«Come animali fummo radunati e spinti e tenuti al passo con il bastone, e infine stipati su un carro bestiame. E i portelloni si richiusero, lasciandoci al buio, senz’aria né cibo né acqua. Per il tempo di un interminabile viaggio».
Apparentemente è una notte come tante, la città è coperta da una cupola d’ira ormai quasi familiare, ma nel buio s’odono rumori che ti svegliano: qualcuno bisbiglia, qualcuno implora pietà, gli stivali dei soldati calpestano ogni speranza di salvezza. Sbircia dalla tua finestra, senza farti notare, cosa vedi?

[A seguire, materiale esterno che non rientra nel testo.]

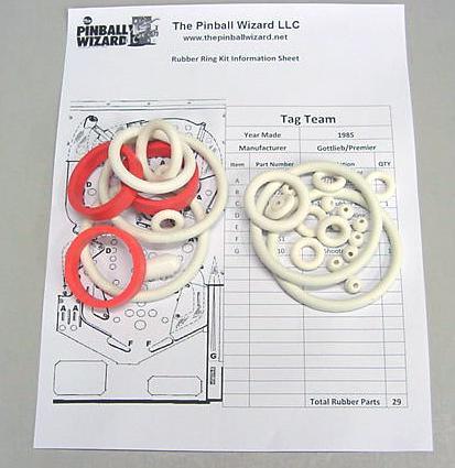 Rubber ring kit for a 1985 Gottlieb-Premier Tag Team pinball machineThis kit has a total of 29 rubber partsWhite rubber rings with red flipper rubbers are the factory original colorIncludes rubber ring sizing chart and playfield rubber location diagram

Con loro scambi due chiacchiere mentre stendi i panni al sole, a loro racconti le nuove ricette sperimentate, con loro discuti perché vorrebbero cambiare il colore delle tende da sole e il regolamento del condominio proprio no, questo non lo può prevedere. La luce rimane accesa, la porta spalancata, la casa deserta. In lontananza s’ode il fischio di un treno.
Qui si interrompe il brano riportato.